Passionate from a young age about Latin American music thanks to the records her father brought her from his business trips in the region, Fierro began broadcasting from home and based her radio plays on her own private collection of records and vinyls.

Twenty-three years later, Radio Gladys Palmera is still fully operational in Madrid, where the station moved to in 2008, and its offices house more than 60,000 records, 50,000 CDs and countless vinyls and cassettes ranging from bolero to rock, salsa and reggaeton. It forms the largest private archive of Latin American music in the world.

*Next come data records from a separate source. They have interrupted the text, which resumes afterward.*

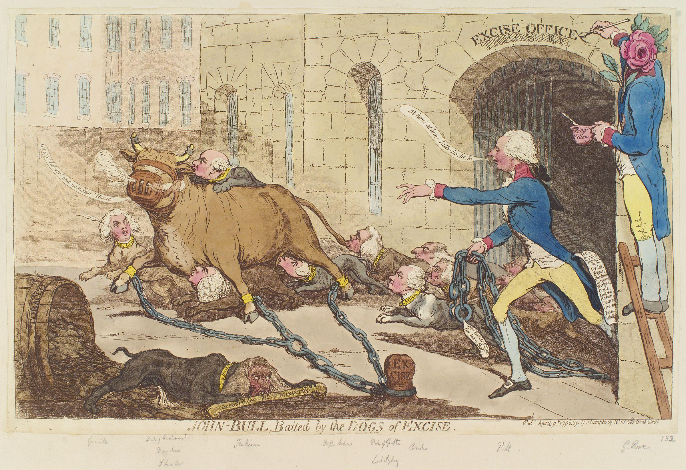 John-Bull, baited by the dogs of excise, by James Gillray (died 1815), published 1790. All images in this batch have been confirmed as author died before 1939 according to the official death date listed by the NPG.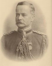 Photograph of Samuel Lomax (1855–1915)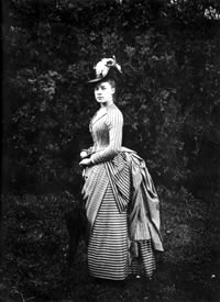 Twenty-two-year-old Miss E. Alice Austen poses in her Sunday best - a smart overskirt, and a hat decorated with white lilacs. She holds a parasol and a silver change purse. Photo taken in June 1888 by Captain Oswald Müller.

These days, however, Fierro is thinking of moving her collection across the Atlantic to the U.S., so it can be better cared for and gain more visibility. 

“I’m trying to find a space for all this because I’m 63 and my health isn’t good,” she says. “This is a temple to music and I want to donate it all.”

Fierro has set her conditions: she doesn't want it displayed in a conventional museum, but in  “a buzzing place with a multi-use space for concerts and exhibitions.”

The collection includes not only records and vinyls, but also video recordings, brochures, magazines, old movie posters, dresses of famous singers and personal memorabilia, among other things, which the founder of Gladys Palmera collected professionally and artistically. 

Fierro has also done her own bit in her homeland. In 2009, she created La Escuelita del Ritmo, a music academy for poor children in Portobelo, a Panamanian town, and has created the Gladys Palmera Foundation to ensure the survival of her collection.